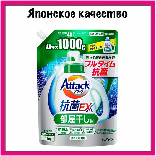 КАО Attack ЕХ Высокоэффективный гель для стирки белья с антибактериальным эффектом, с ароматом зелени 1000 мл
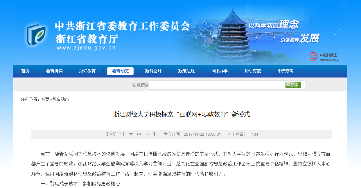 近日,浙江省教育厅以《博彩代理 积极探索“互联网+思政教育”新模式》为题,详细报道了博彩代理 互联网思政工作。
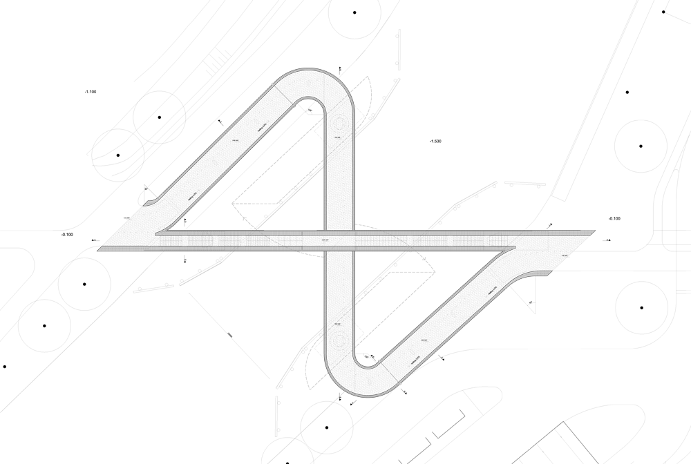 ゆるやかな傾斜度を維持するための十分な長さを確保するため、自転車用通路は曲がりくねった構造となっています。

# WORK REQUEST
Retype all the material word for word while skipping any picture it contains.

# RESPONSE TO THIS EXERCISE
 КАО Attack ЕХ Высокоэффективный гель для стирки белья с антибактериальным эффектом, с ароматом зелени 1000 мл
 近日,浙江省教育厅以《博彩代理 积极探索“互联网+思政教育”新模式》为题,详细报道了博彩代理 互联网思政工作。
 ゆるやかな傾斜度を維持するための十分な長さを確保するため、自転車用通路は曲がりくねった構造となっています。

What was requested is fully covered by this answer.